In 1965, the Supreme Court in Griswold v. Connecticut, referencing penumbras and emanations, recognized a right to privacy in marriage that mandated striking down an anti-contraception law.
Seven years later, in Eisenstadt v. Baird, this right expanded to individual privacy, because after all, a marriage is made of individuals, and “[i]f the right of privacy means anything, it is the right of the individual . . . to be free from unwarranted governmental intrusion into matters so fundamentally affecting a person as the decision whether to bear or beget a child.”
By 1973 in Roe v. Wade, this precedent, which had started out as a right recognized in marriage, had mutated into a right to abortion that no one could really trace to any specific textual provision in the Constitution. Slippery slope anyone?

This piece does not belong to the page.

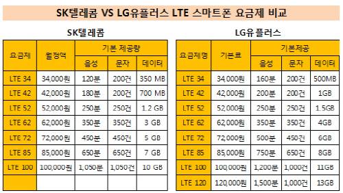 SKT vs LGU+..LTE 요금제의 차이점은?
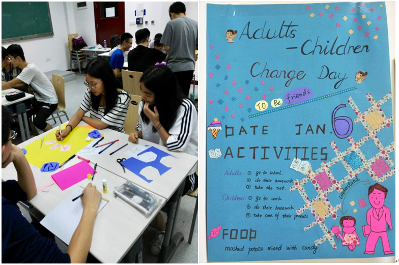 在活动中,我们队员之间必须用英语交换彼此的意见,用英语策划节日、设计海报,它不仅锻炼了我们的听说能力,同时还提升了我们的团队协作能力,在团队中尽管每人的绘画基础都不同,但大家各出己力,每张海报都有所有人的付出,尽管风格迥异,但都独具匠心,记得Diane口中最多的话语就是重复多少遍也表达不出她的欢喜的“You are so creative”。

This also happened in Lawrence v. Texas in 2003, where the Supreme Court struck down an anti-sodomy law. The Court explained that the case did not involve gay marriage, and Justice O’Connor’s concurrence went further, distinguishing gay marriage from the case at hand. Despite those pronouncements, later decisions enshrining gay marriage as a constitutionally protected right have relied upon Lawrence. For instance, Goodridge v. Department of Public Health (Mass. 2003) cited Lawrence 9 times, Varnum v. Brien (Iowa 2009) cited Lawrence 4 times, and Perry v. Brown (N.D. Cal, 2010) cited Lawrence 9 times.
However the Court ultimately rules, there is no question that this case will serve as a major inflection point in our nation’s debate about the size and scope of the federal government. I hope it serves to clarify the limits on congressional power, and not as another stepping stone on the path away from limited, constitutional government.